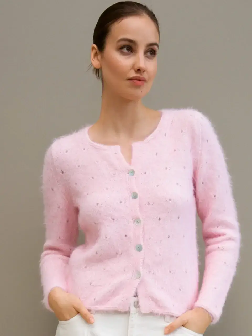 Нежная пушистая фактура с имитацией ангоры придаёт изделиям изысканный объём, визуальную красоту и делает их эффектными.
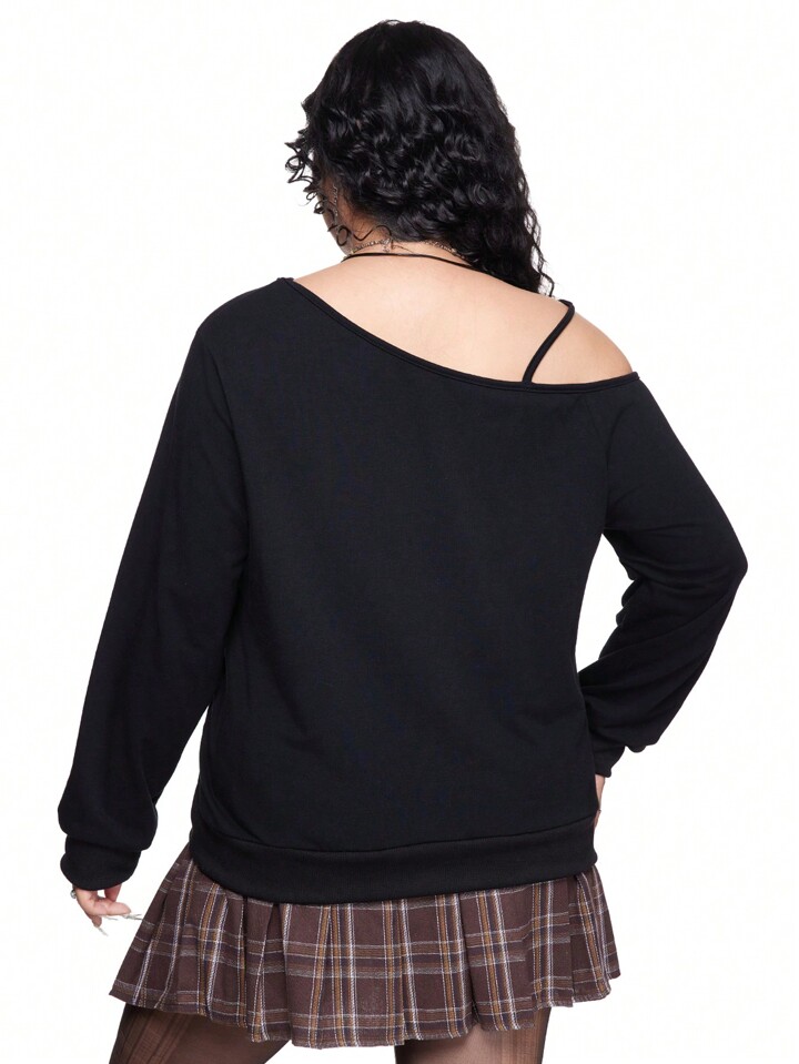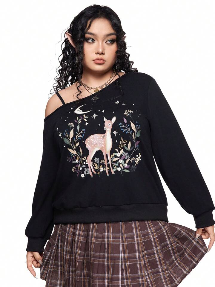 Fairycore Sweat-shirt vintage à l'épaule asymétrique avec imprimé de cerf, tailles grandes
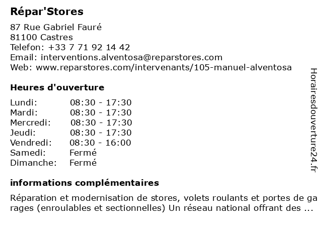 2 Yiango Store (Distance: 1,67 km) 22 Rue Merigonde, 81100 Castres bien être, coatching, conseils, espace, nutrition, store, stores, yiango 3 Clomen (Distance: 3,66 km) 2 Rue Des Metiers, 81100 Castres clomen, fabricant de portes, fabricant de portes de garage, fournisseur de clôtures, magasin de mobilier d'extérieur, magasin de stores 6 |
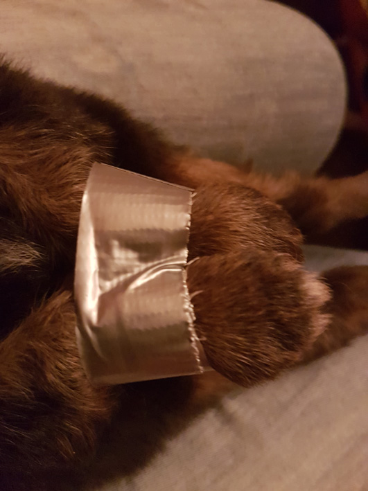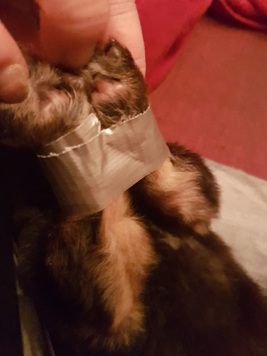 Der korrekte Sitz des Tapebandes muß mehrfach am Tag kontrolliert werden. Da ein Welpe sehr schnell wächst, empfiehlt es sich, das Tape alle 3 Tage zu erneuern, damit es nicht zu eng wird und die Pfötchen abschnürt (vorsichtig abschneiden, entfernen und neu kleben). Dann nimmt man die Beinchen und bewegt sie mehrfach täglich rauf und runter und winkelt sie an und streckt sie leicht (wie in der Physiotherapie) Zusätzlich empfiehlt es sich, hochdosierten Vitamin B-Komplex einzusetzen (am besten den Tierarzt nach Vitamin B-Komplex zur Injektion fragen) . Der Welpe sollte auch mehrfach am Tag bei der Hündin zum Säugen angelegt werden, da die Hündin sich öfters anders in der Wurfkiste hinlegt und der Welpe nicht so schnell krabbeln kann, wie seine Geschwister. Sobald die Welpen beginnen, zu laufen und zu stehen, sollte das Tape entfernt werden. Der Welpe sollte nun wieder so kräftig sein, daß er auf seinen eigenen Beinchen stehen und laufen kann.
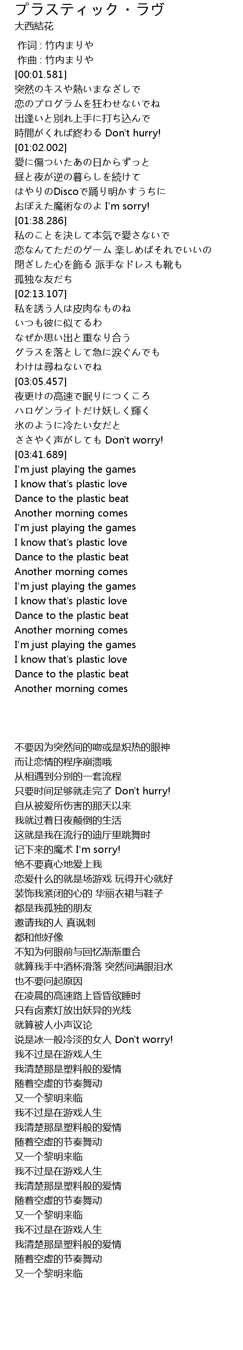 | [03:47.436] | I know that' s plastic love |
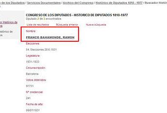Ahí aparece, en el 'Histórico de Diputados' del Congreso, Ramón Franco Bahamonde. Con los siguientes datos: elegido en las elecciones del 28 de junio de 1931 por la circunscripción de Barcelona. Votos obtenidos: 91.731 'Fracción política: Izquierda Republicana de Cataluña'.
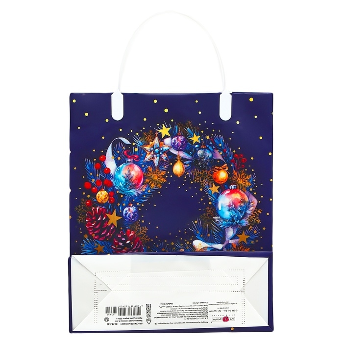 Праздничный дизайн с яркими новогодними элементами, такими как снежинки, ёлочные игрушки и зимние пейзажи, создаст особую атмосферу ожидания чуда и уюта. Удобные ручки-сумка обеспечивают комфорт при переноске, а вместительный размер позволяет легко упаковать и транспортировать даже крупные подарки.

··········

■ What is expected:
Could you please write out exactly the lines from the start of the entries above through the line that holds "plastic love |", both included, with no pictures?

■ Task answer:
 Нежная пушистая фактура с имитацией ангоры придаёт изделиям изысканный объём, визуальную красоту и делает их эффектными.
 Fairycore Sweat-shirt vintage à l'épaule asymétrique avec imprimé de cerf, tailles grandes
 2 Yiango Store (Distance: 1,67 km) 22 Rue Merigonde, 81100 Castres bien être, coatching, conseils, espace, nutrition, store, stores, yiango 3 Clomen (Distance: 3,66 km) 2 Rue Des Metiers, 81100 Castres clomen, fabricant de portes, fabricant de portes de garage, fournisseur de clôtures, magasin de mobilier d'extérieur, magasin de stores 6 |
 Der korrekte Sitz des Tapebandes muß mehrfach am Tag kontrolliert werden. Da ein Welpe sehr schnell wächst, empfiehlt es sich, das Tape alle 3 Tage zu erneuern, damit es nicht zu eng wird und die Pfötchen abschnürt (vorsichtig abschneiden, entfernen und neu kleben). Dann nimmt man die Beinchen und bewegt sie mehrfach täglich rauf und runter und winkelt sie an und streckt sie leicht (wie in der Physiotherapie) Zusätzlich empfiehlt es sich, hochdosierten Vitamin B-Komplex einzusetzen (am besten den Tierarzt nach Vitamin B-Komplex zur Injektion fragen) . Der Welpe sollte auch mehrfach am Tag bei der Hündin zum Säugen angelegt werden, da die Hündin sich öfters anders in der Wurfkiste hinlegt und der Welpe nicht so schnell krabbeln kann, wie seine Geschwister. Sobald die Welpen beginnen, zu laufen und zu stehen, sollte das Tape entfernt werden. Der Welpe sollte nun wieder so kräftig sein, daß er auf seinen eigenen Beinchen stehen und laufen kann.
 | [03:47.436] | I know that' s plastic love |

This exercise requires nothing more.